**What the exercise asks:** Leave the pictures out. Transcribe exactly every line from the start of the records through the one containing "快科技2月7日音书开云kai".

**Given entries:**

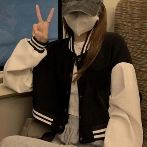 [신상오픈런]|CCJ6E39|여성용 세미크롭 배색 야구 점퍼 봄가을용
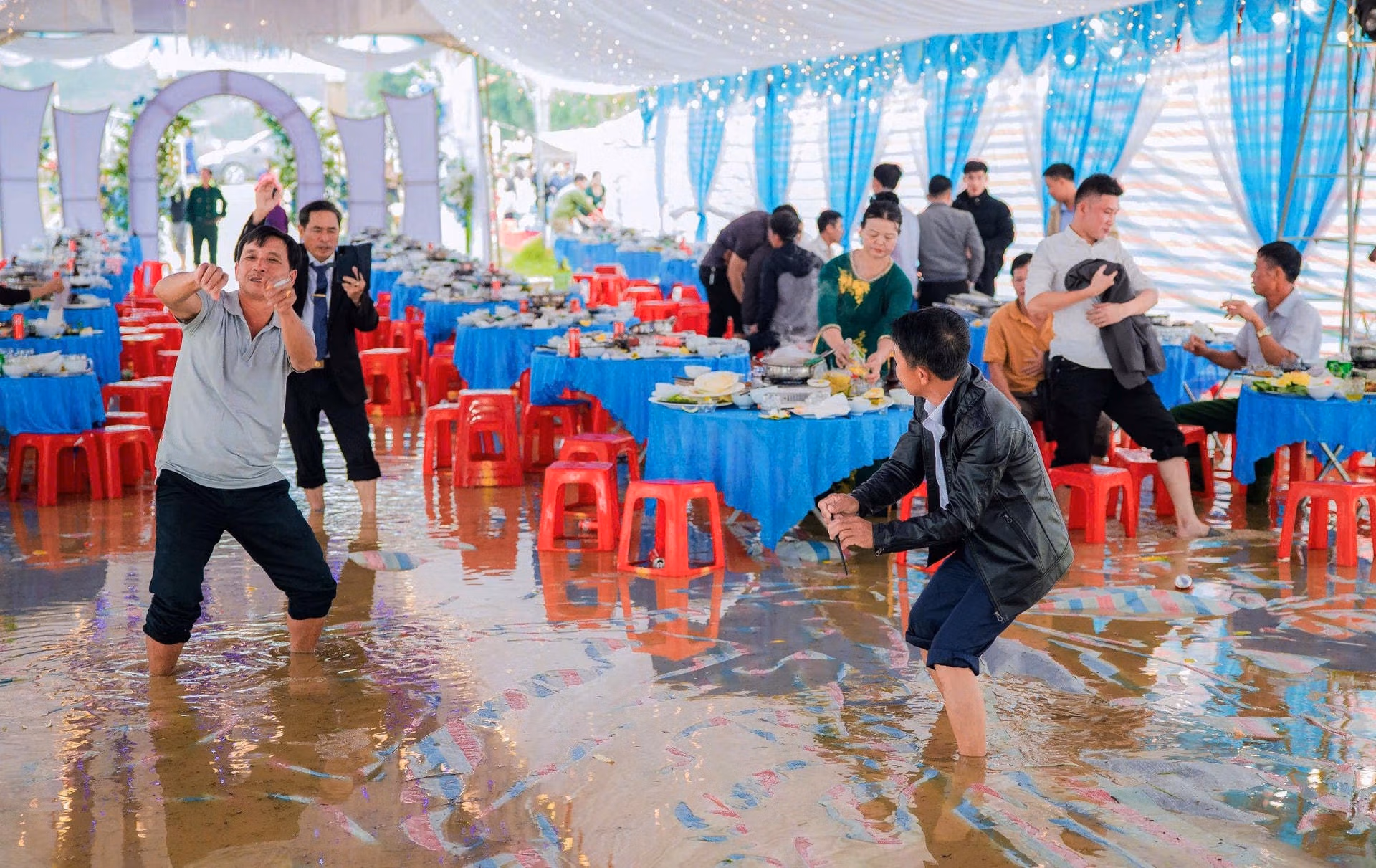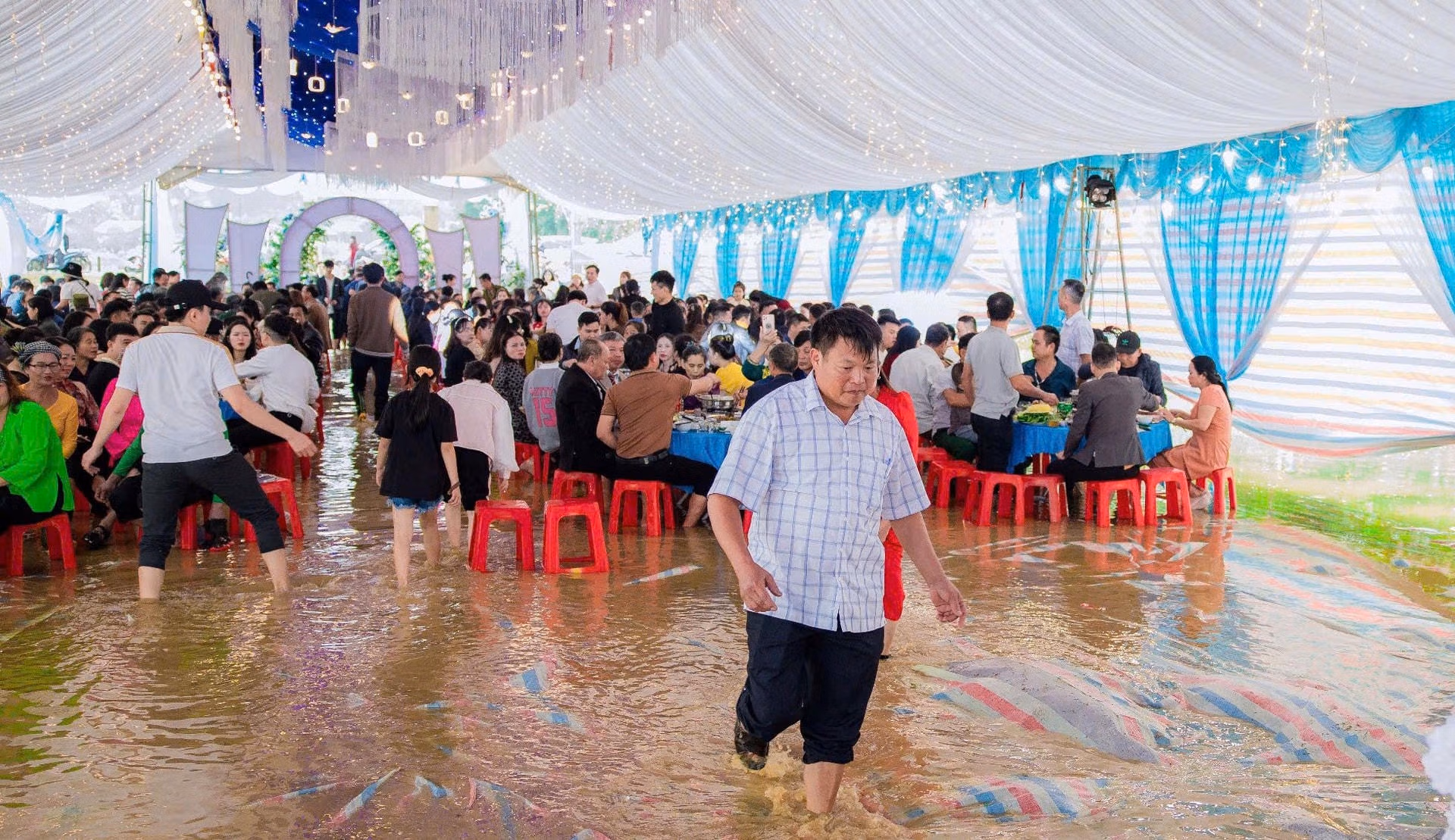 Để vào hội trường chung vui, nhiều khách mời đã thả giày dép, xắn quần lội qua dòng nước và vào bàn tiệc ăn cỗ trong cảnh chân ngâm nước lạnh. Thậm chí cô dâu, chú rể cũng vén cao quần áo mới có thể bước đến được hôn trường.
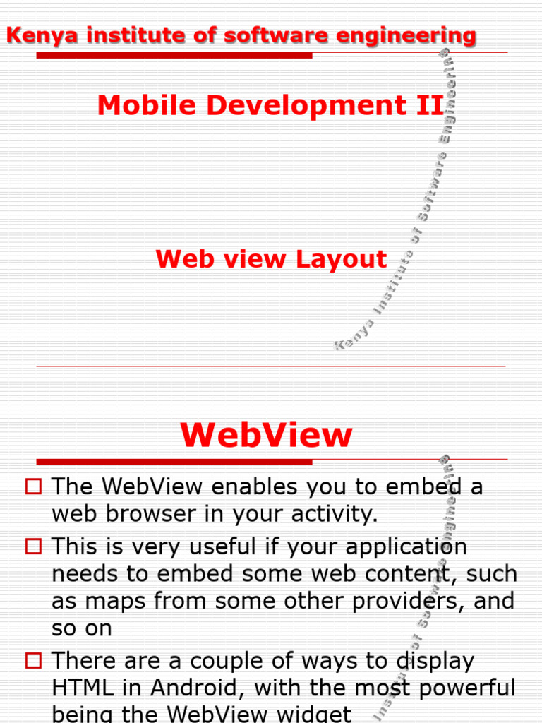 URL: www.KenyaInstituteofsoftwareengineering.com Lecturer: Mr. John Kinyanjui
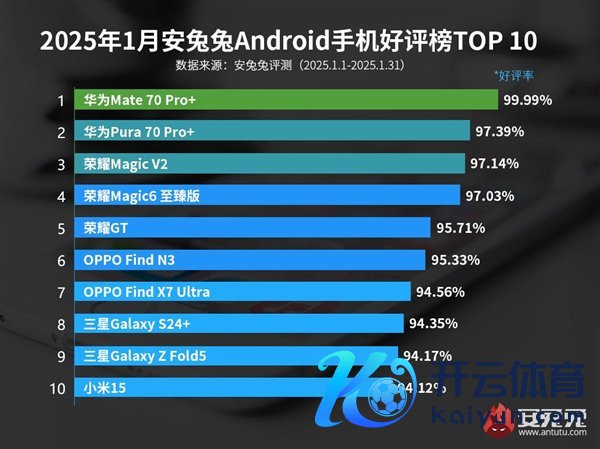 快科技2月7日音书开云kaiyun.com,安兔兔公布了2025年1月安卓手机好评榜单,华为Mate70 Pro+以99.99%的好评率夺冠。
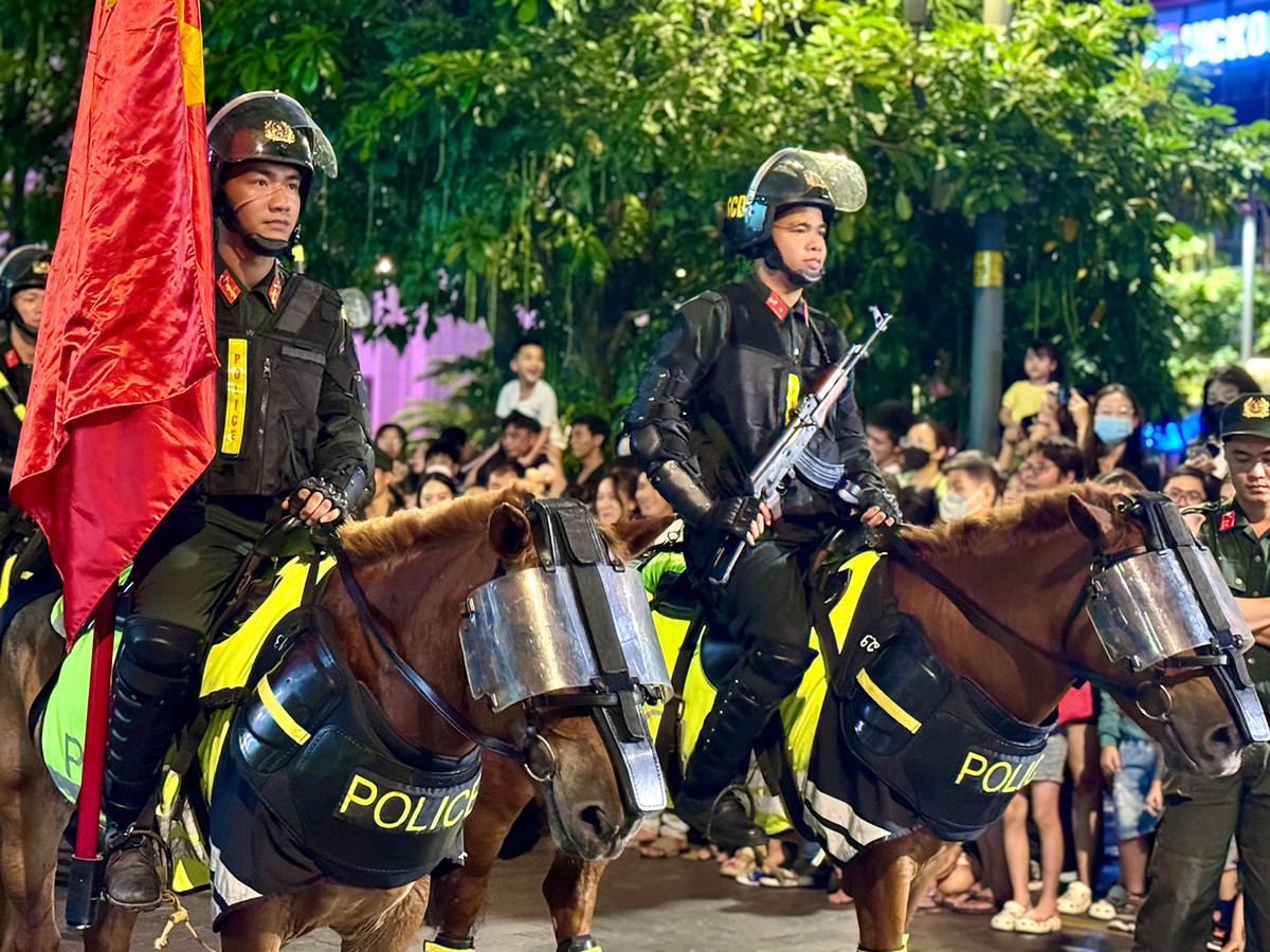 Khoảng 20h15 phút, đoàn Cảnh sát cơ động kỵ binh bắt đầu diễu hành. Lãnh đạo Công an TP.HCM chào đoàn khi đi qua khu vực trung tâm.
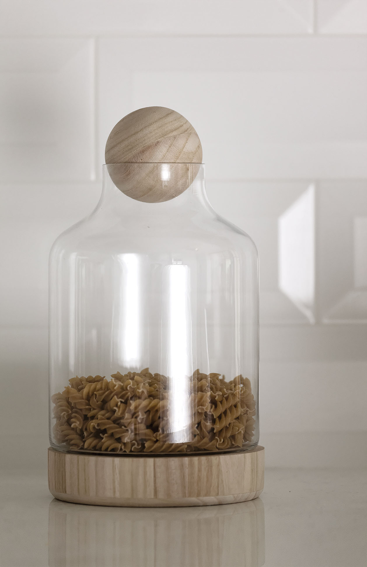 Kuchenne drobiazgi - waga, słoiczki na ciastka i makaron, chlebak - są ze sklepu Sweet Living Home Inspirations. Fot. Piotr Gęsicki
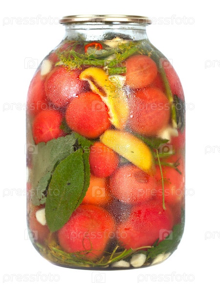Консервированные помидоры в стеклянной банке на белом фоне
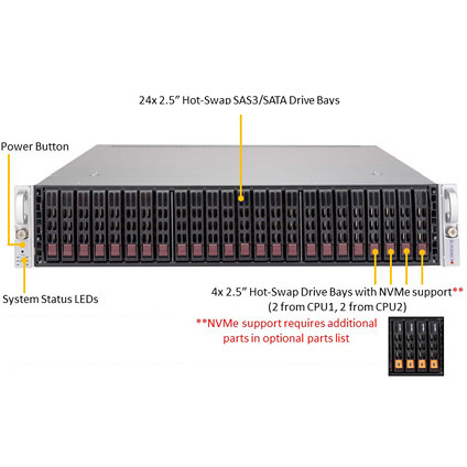 - 24x 2.5" Hot-swap Drive Bays: 24 SAS3 via Optional Add-on Card (4x Hybrid Ports - Optional 4x NVMe)
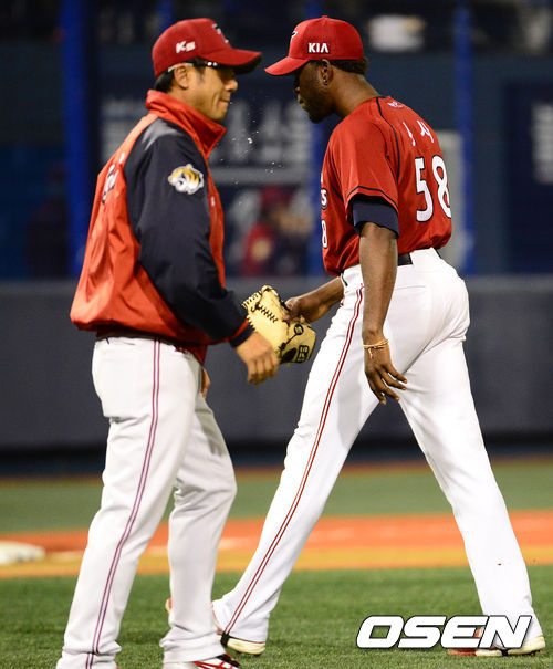 24일 오후 창원 마산야구장에서 열린 2013 한국야쿠르트 세븐프로야구 NC 다이노스와 KIA 타이거즈의 경기, 4회말 무사 만루에서 NC 김종호 타석 때 KIA 선발 투수 소사가 마운드를 내려가고 있다.
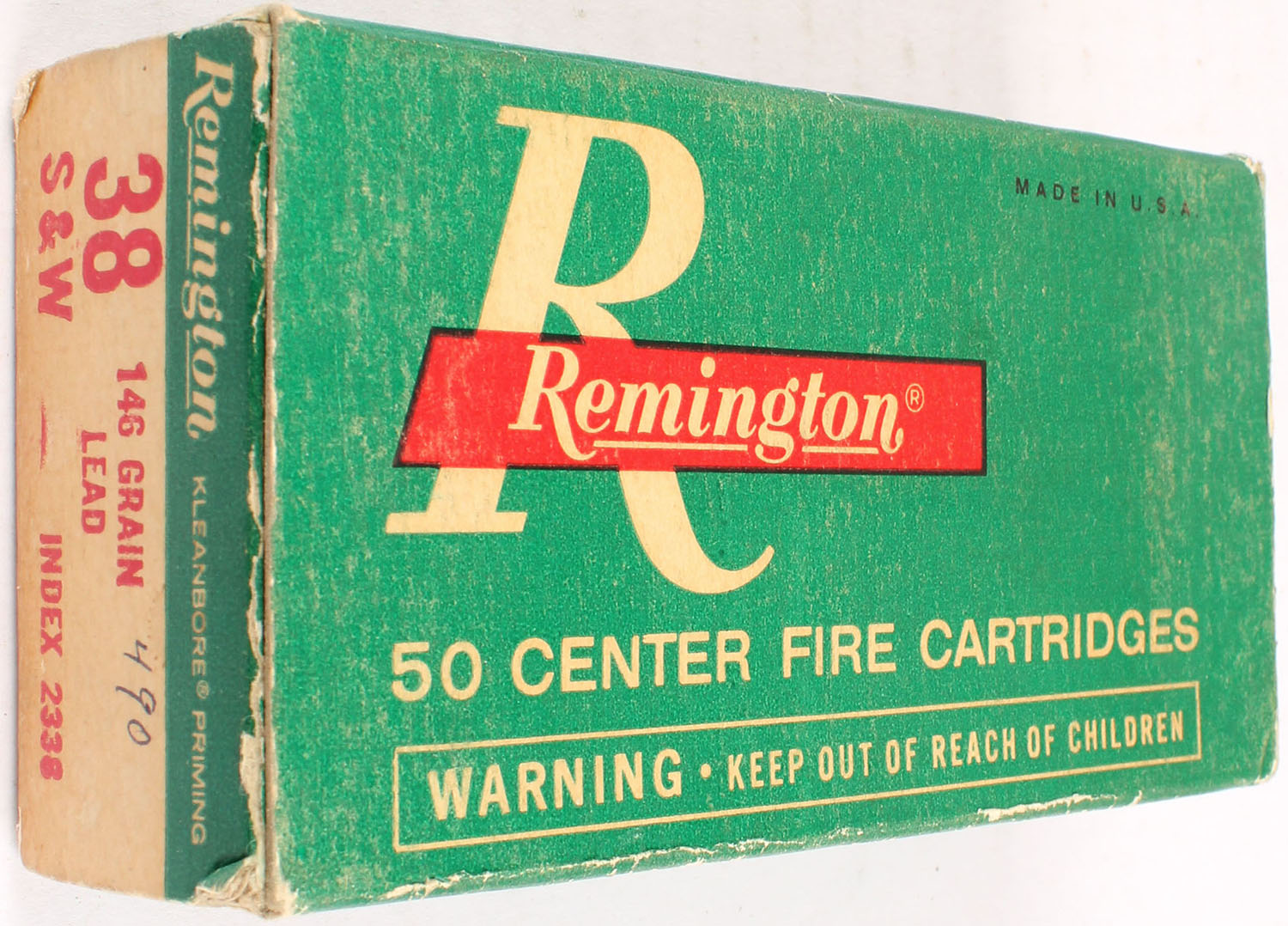 Remington, .38 Smith & Wesson, 146 Grain Lead, Full, 1pc. Green white & red box, box is solid with very good color, some age soiling, minor shelf wear, some corner & edge wear, end flaps are solid, right end has been written on, ammo is excellent. Grade: Very Good ++ - Value: 20 to 60
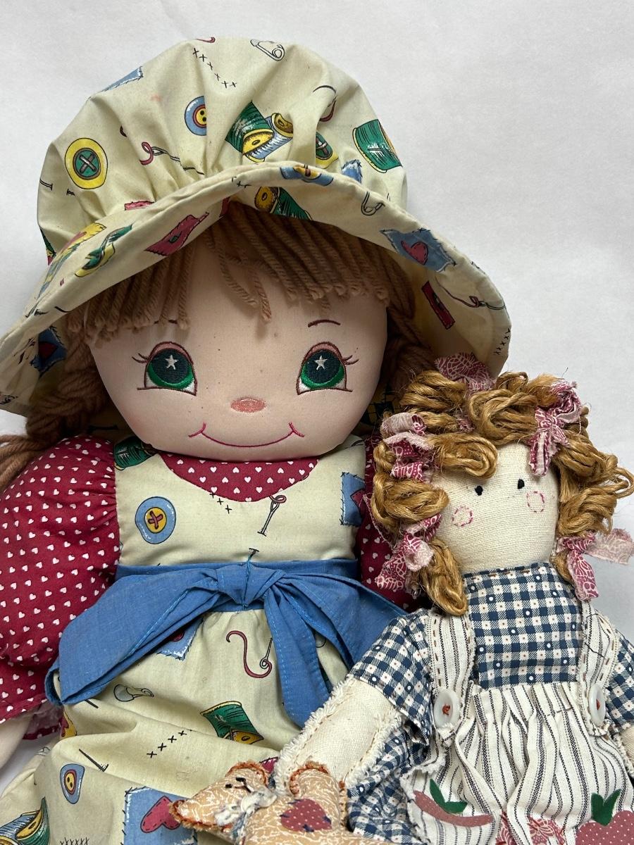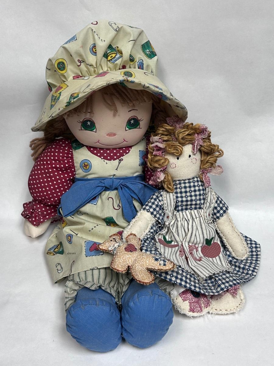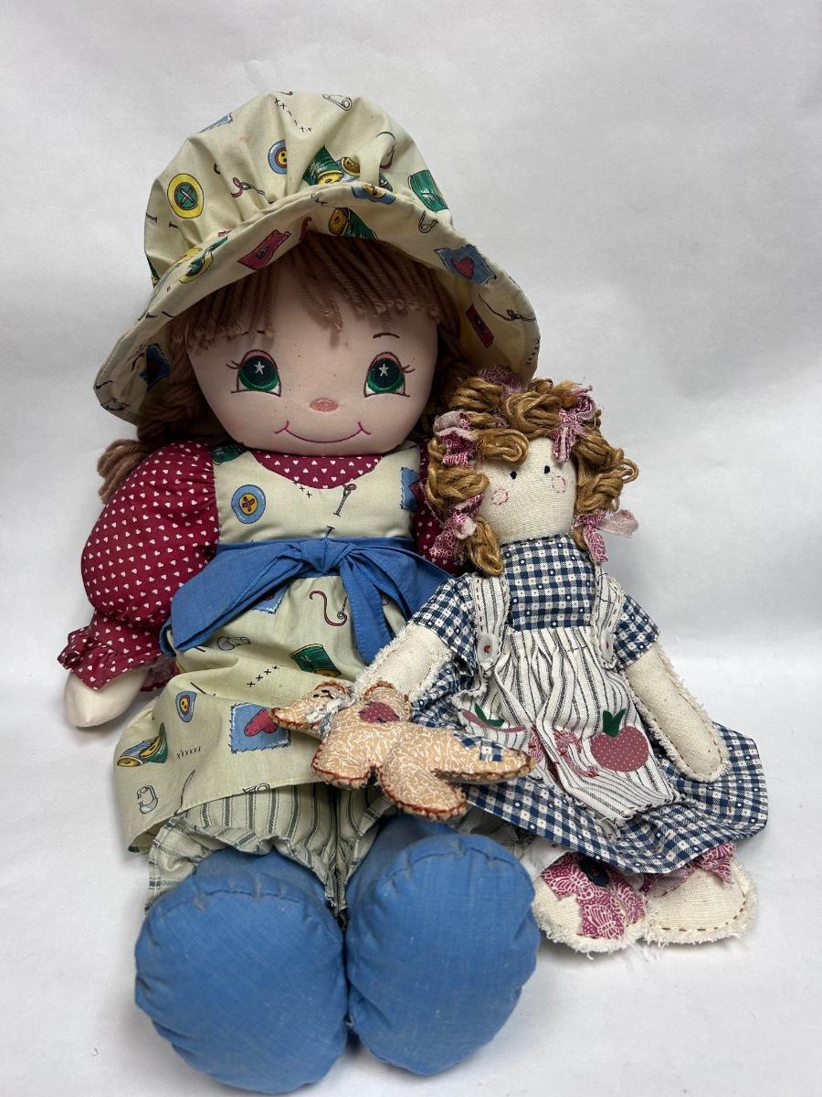 Pair of Folk Art Style Cloth Rag Dolls Homespun Cupboard Collection. In good condition. No holes or stains. May be dusty from display.

**Solved exercise:**
 [신상오픈런]|CCJ6E39|여성용 세미크롭 배색 야구 점퍼 봄가을용
 Để vào hội trường chung vui, nhiều khách mời đã thả giày dép, xắn quần lội qua dòng nước và vào bàn tiệc ăn cỗ trong cảnh chân ngâm nước lạnh. Thậm chí cô dâu, chú rể cũng vén cao quần áo mới có thể bước đến được hôn trường.
 URL: www.KenyaInstituteofsoftwareengineering.com Lecturer: Mr. John Kinyanjui
 快科技2月7日音书开云kaiyun.com,安兔兔公布了2025年1月安卓手机好评榜单,华为Mate70 Pro+以99.99%的好评率夺冠。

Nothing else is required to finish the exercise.